ACT 1: I guess the first big thing that happened was the Blizzard of ‘77. I was ten. It snowed for a week, and with all the wind off the lake, 75, 80 miles an hour, there were drifts 20 feet deep. People were trapped in their office buildings, their houses, at gas stations, wherever they were. Some died waiting for help to come, some even froze right in their cars, they weren’t even found until a week later, they were still waiting. Outside, you couldn’t tell where you were anymore; the houses, malls, stores, roads, and schools had all disappeared. They declared a state of emergency and sent in the National Guard. People said it was the worst thing that ever happened to Buffalo, all those people that died, all that lost business, but what they didn’t say was that it was the first time most people acted like they were alive, the first time anything really mattered to anyone. Dad and I made tunnels in the snow. We got the guns and put them in the living room, Jennifer was scared as hell until she and mom made a list of everything we had to eat, in case it got any worse. Do you know how much food you have in your house? How much clean water? They worked it all out. I guess it was the only time my mom really acted like a mother, the only time any of it worked the way it was supposed to.

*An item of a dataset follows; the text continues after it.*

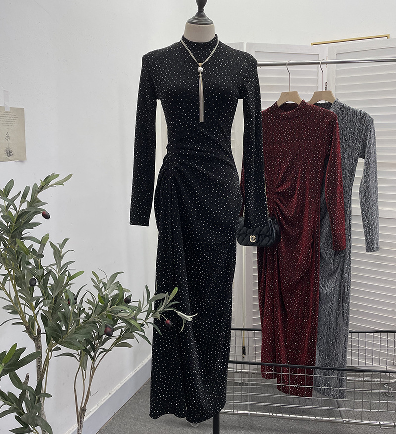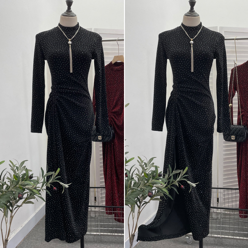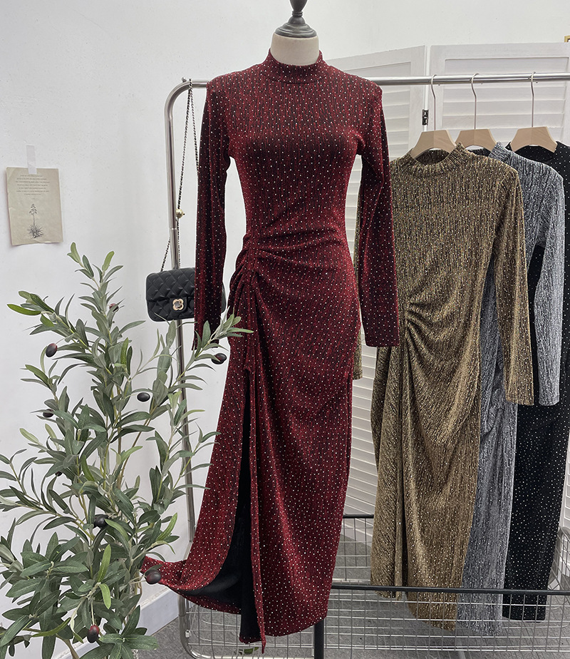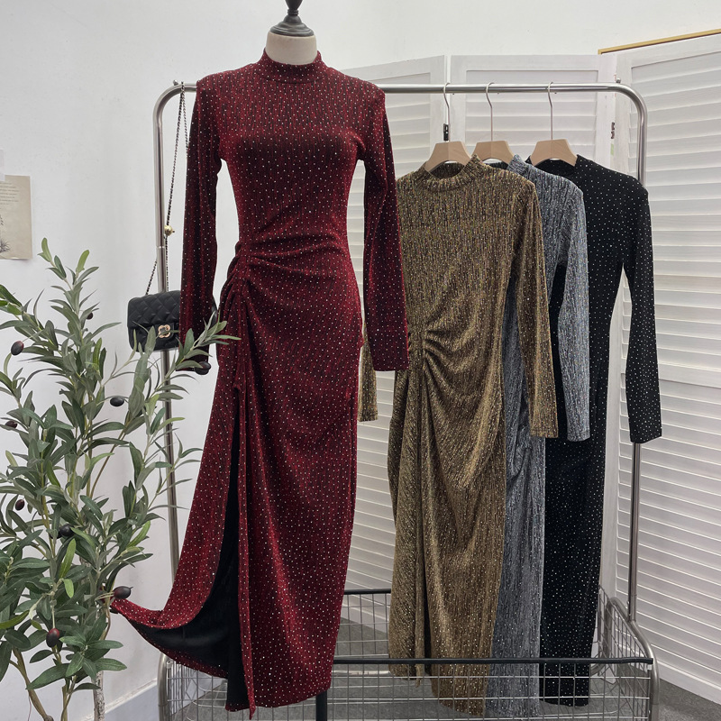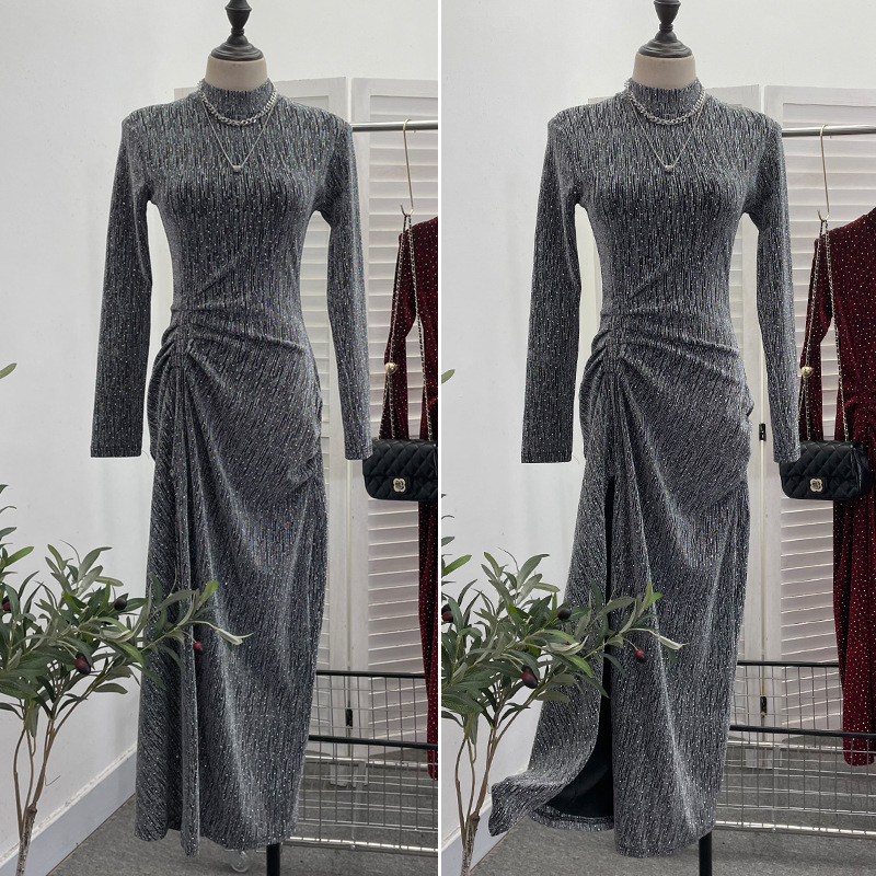 Uveng Design Sexy High Open Fork Folded Small Squint Dress Half-High Collared Shoulder Dress 8872

ACT 2: There must have been about 40 of them in the bunker, it was pretty dark from all the smoke, more smoke than you can imagine, we could have just blown the whole thing up, but we let the ones that would surrender come out. They were all in rags, half-starved, worse than beggars. The other ones, most of them really, wouldn’t come out no matter what we tried. So we got in the Bradley and rolled right over it. Then the bulldozers came and buried it, they were doing it all up and down the line. Some guys took pictures. We kept expecting something else to happen, something big. We thought there would be a real army, or some kind of missile attack or something. But there never was. Except for the one guy I picked off from half a mile away, just to see if I could do it, it wasn’t all that different than being in Kansas, only the food sucked. So when people were getting home, all these assholes jumping up and down about how they won, I mean how can you win when you never even fought in the first place? When your dad asks you what you did are you going to say I buried twenty unarmed men under six tons of sand? That’s what I did? Or that you pretended there was a war for nine months and now everyone is pretending we won and so you pretend like you won too? What are you supposed to do? So you go with it, just like always. Everyone makes decisions every fucking minute. A million decisions whether they admit to it or not. We agreed to be there. What happens when people stop agreeing?
ACT 3: As of April 23, 1995, I am no longer waiting. I am no longer waiting for America, if there is an America, to wake up. I am no longer waiting for my guns to be made illegal and my phone to be tapped. I am no longer waiting for the television to start telling the truth. I am no longer waiting for justice to be handed down from God. I am no longer waiting for people with no education and no future to figure out right from wrong. I am no longer waiting for Terry and James and all those fat-ass white army fucks to get their shit together. I am no longer waiting for the few good people to lose their jobs and homes while all the liberals and welfare cheats steal everything they worked for their whole lives. I am no longer waiting for the prisons to fill up and the cities to burn down. I am no longer waiting for something else to happen. I am no longer waiting for the war to begin.
Dreamland is a fictionalized account of the life of Tim McVeigh, the Oklahoma City bomber. Ending moments before the explosion that killed 168 people, Dreamland unfolds the tragic logic of a terrorist’s life, re-imagining the time and place that could produce such a person. The screenplay is based on both the public record and speculation (such as the fictional internal monologue that serves here as a synopsis) about McVeigh’s internal life.